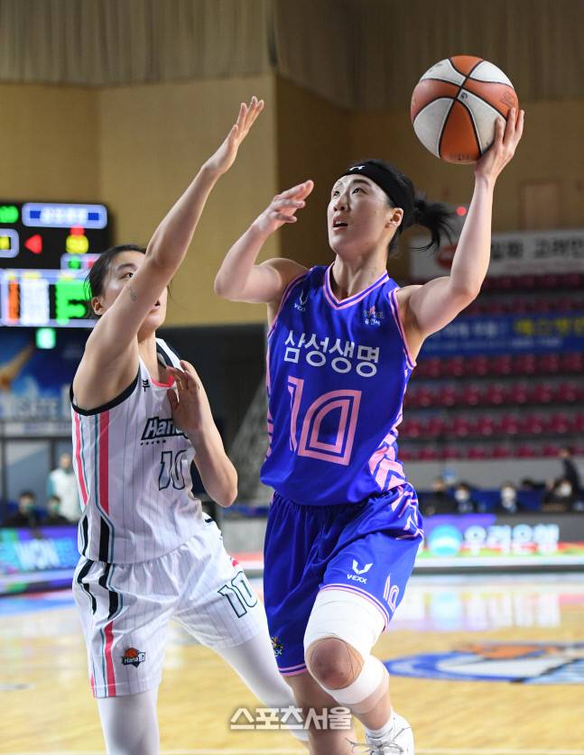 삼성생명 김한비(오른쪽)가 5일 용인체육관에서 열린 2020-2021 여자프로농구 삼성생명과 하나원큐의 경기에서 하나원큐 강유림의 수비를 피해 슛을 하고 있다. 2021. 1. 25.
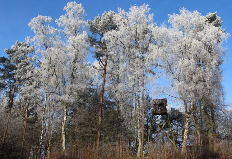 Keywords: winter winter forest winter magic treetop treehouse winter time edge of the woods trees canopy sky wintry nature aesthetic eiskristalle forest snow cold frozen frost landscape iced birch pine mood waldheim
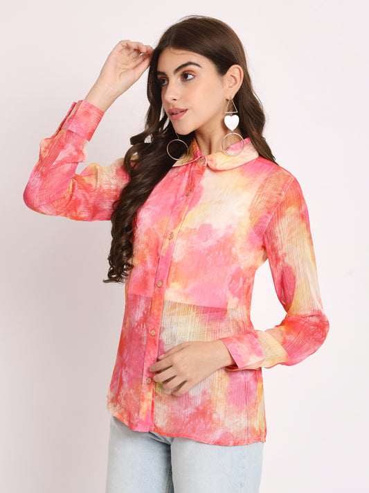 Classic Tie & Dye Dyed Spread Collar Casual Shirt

-*-

▶ PROBLEM TO SOLVE
When copying the listing, skip the pictures and keep each line exactly as written.

▶ RESULT OF THE TASK
 삼성생명 김한비(오른쪽)가 5일 용인체육관에서 열린 2020-2021 여자프로농구 삼성생명과 하나원큐의 경기에서 하나원큐 강유림의 수비를 피해 슛을 하고 있다. 2021. 1. 25.
 Keywords: winter winter forest winter magic treetop treehouse winter time edge of the woods trees canopy sky wintry nature aesthetic eiskristalle forest snow cold frozen frost landscape iced birch pine mood waldheim
 Classic Tie & Dye Dyed Spread Collar Casual Shirt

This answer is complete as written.